Ein HaYam (עין הים), formerly Wadi al-Jimal, is a small neighborhood in Haifa, Israel between Kiryat Sprinzak and Kiryat Eliezer, mostly separated from the sea by railroad tracks.

The neighborhood was founded in 1937 by Arab families and was known in Arabic as Wadi al-Jimal. The neighborhood was called "Ein HaYam -- Wadi al-Jimal" until 2006, when the official name and entrance sign were changed to "Ein HaYam (Previously Wadi al-Jimal)." In August 2021, the Haifa Naming Commission recommended restoration of the old name and signage and received pushback from some officials.
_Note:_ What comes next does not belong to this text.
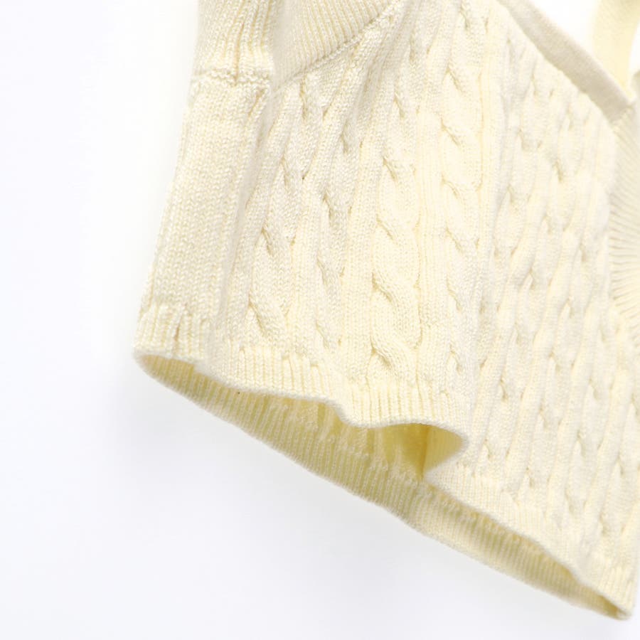 ケーブル編みだから上品なカジュアル感での着こなしがおすすめです。

By 2022, the municipality of Haifa was referring to the neighborhood as "Ein HaYam - Wadi al-Jimal" in official publications and the pre-2006 entrance sign had been restored. After the 2023 Hamas-led attack on Israel, local Israeli activists complained that the entrance sign had been replaced without proper authorization by the municipal authorities.

2,400 Jews and Arabs live in the neighborhood, which has been cited a model of Jewish-Arab coexistence. It is home to the Oceanographic and Limnological Research Institute of Israel (IOLR), Tel Shikmona and the Ein HaYam trail tour.